All entries are to be quoted exactly; the images stay out of the copy.

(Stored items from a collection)

----------

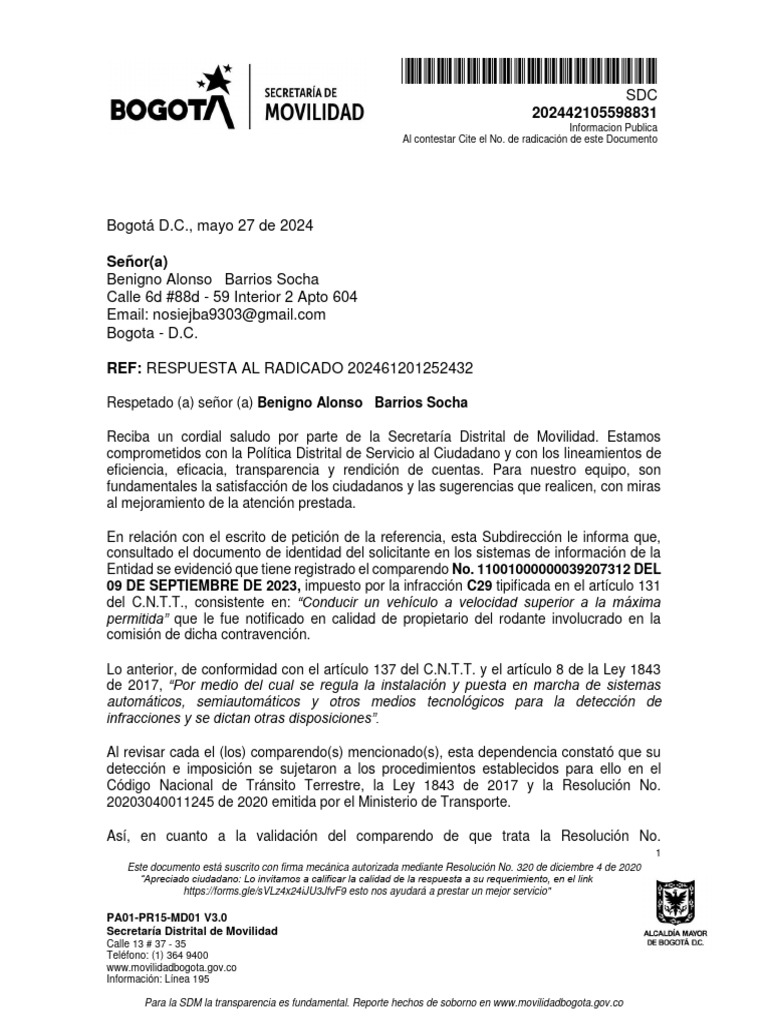 Reciba un cordial saludo por parte de la Secretaría Distrital de Movilidad. Estamos
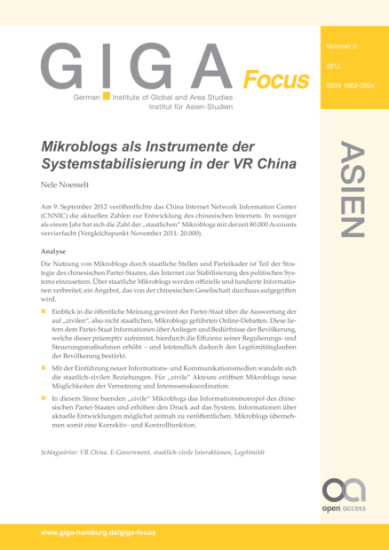 Mikroblogs als Instrumente der Systemstabilisierung in der VR China
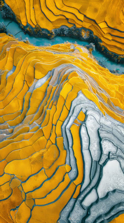 Aerial View of Yellow and Blue Water in a Vibrant Landscape
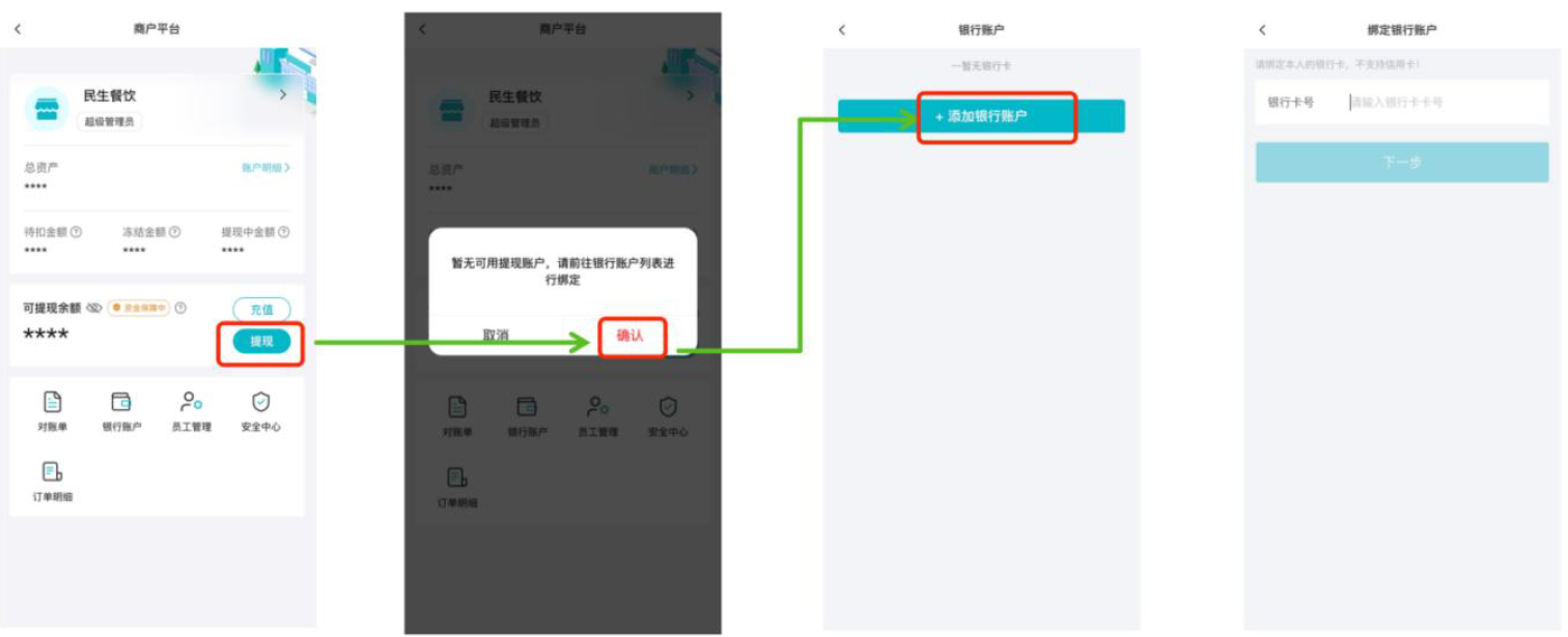 操作路径:登录到门店—点击“提现”—按照提示进入绑卡页面,按步骤添加银行卡即可
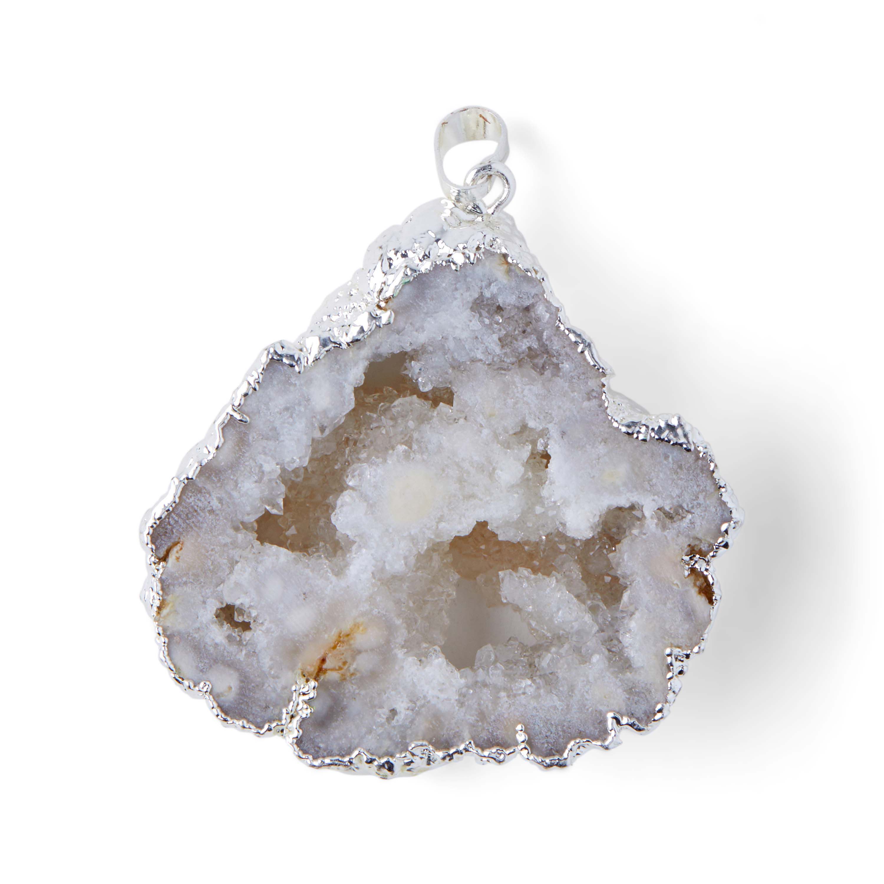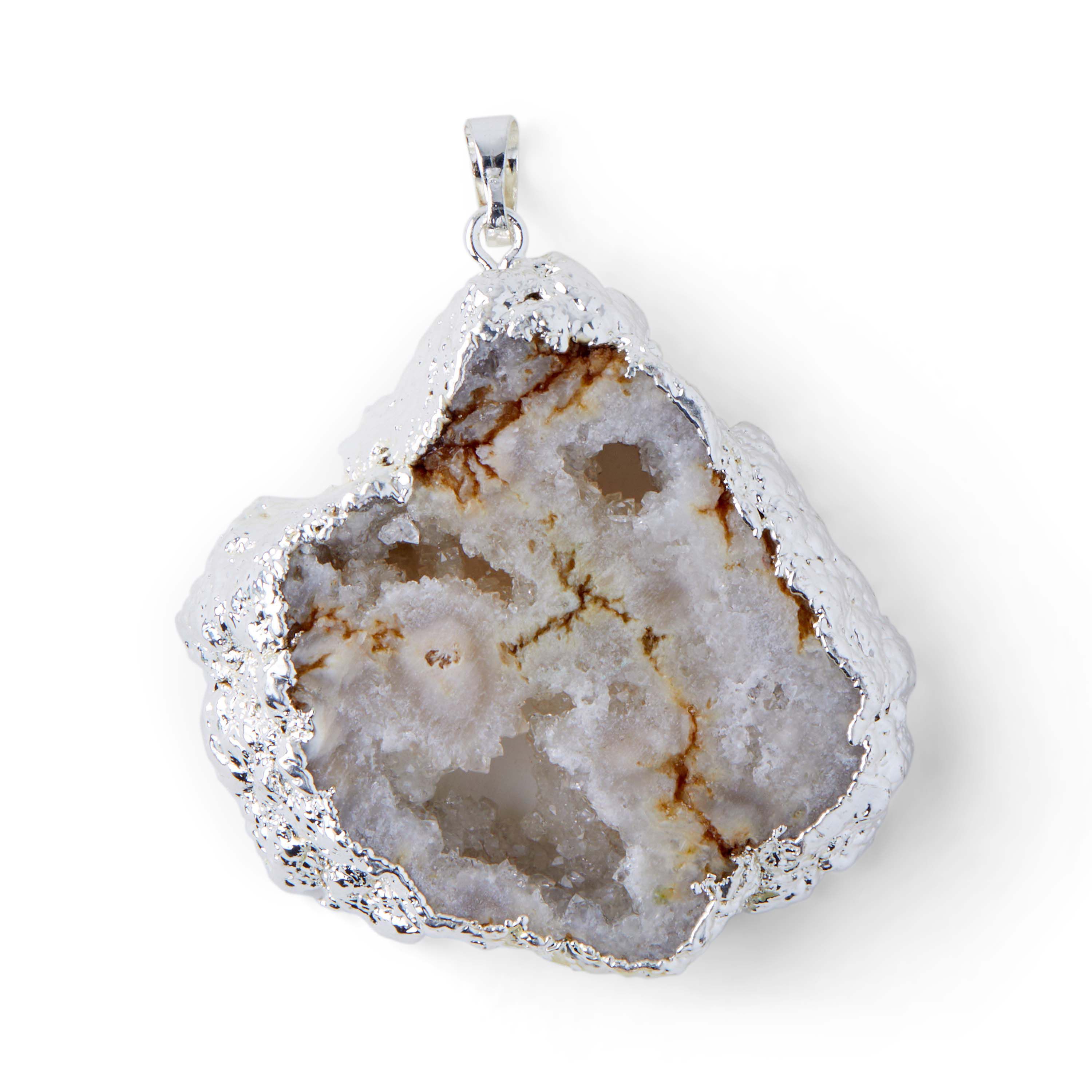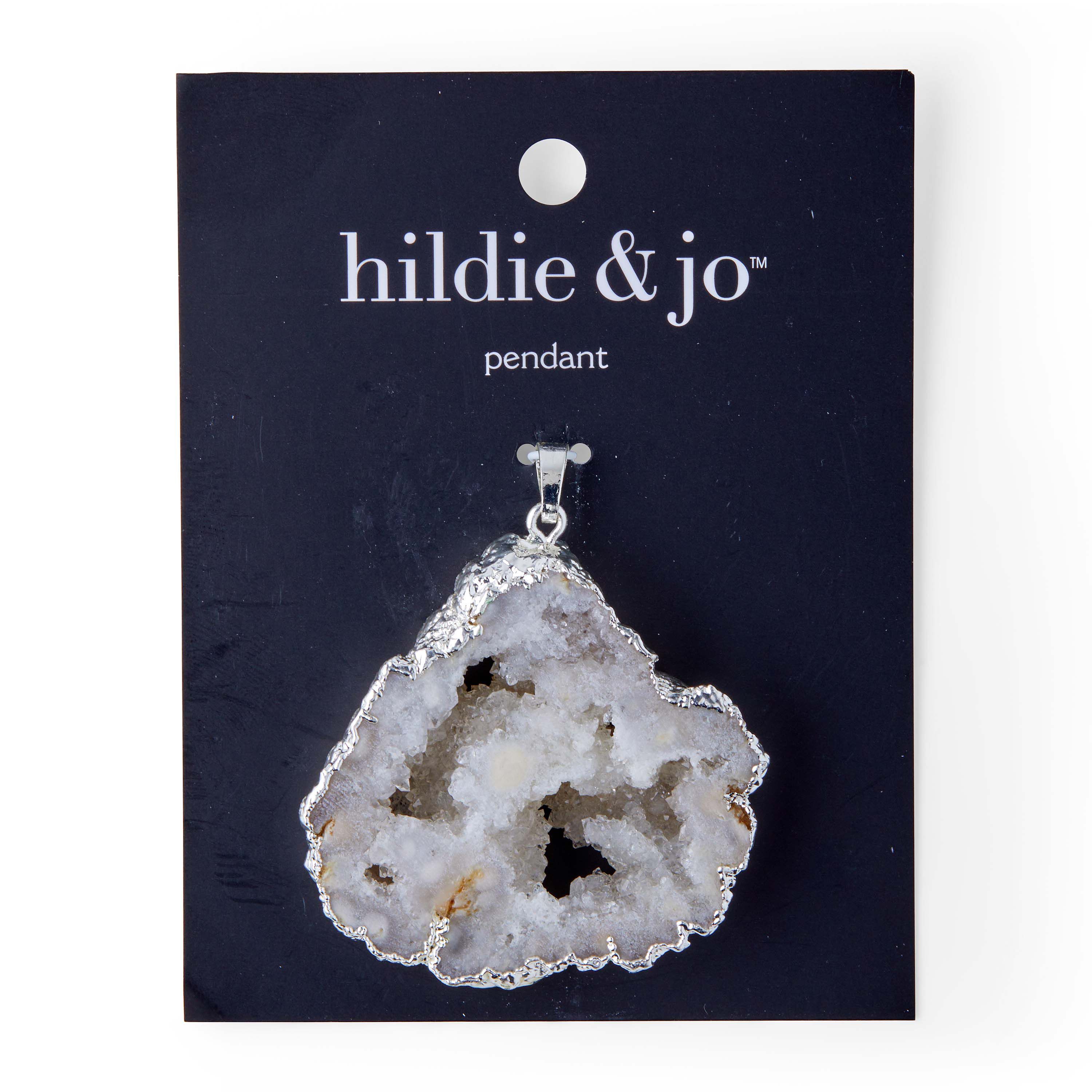 Accessorize a special occasion look with the hildie & jo Effortless Charm Silver Pendant-Druzy White. A gold colored paint rounds the edges of this druzy white stone for visual appeal. Add this pendant to a gold finished chain to create a stunning DIY necklace. Team it with a pair of earrings to complete your look.

----------

(WRITTEN ANSWER)
 Reciba un cordial saludo por parte de la Secretaría Distrital de Movilidad. Estamos
 Mikroblogs als Instrumente der Systemstabilisierung in der VR China
 Aerial View of Yellow and Blue Water in a Vibrant Landscape
 操作路径:登录到门店—点击“提现”—按照提示进入绑卡页面,按步骤添加银行卡即可
 Accessorize a special occasion look with the hildie & jo Effortless Charm Silver Pendant-Druzy White. A gold colored paint rounds the edges of this druzy white stone for visual appeal. Add this pendant to a gold finished chain to create a stunning DIY necklace. Team it with a pair of earrings to complete your look.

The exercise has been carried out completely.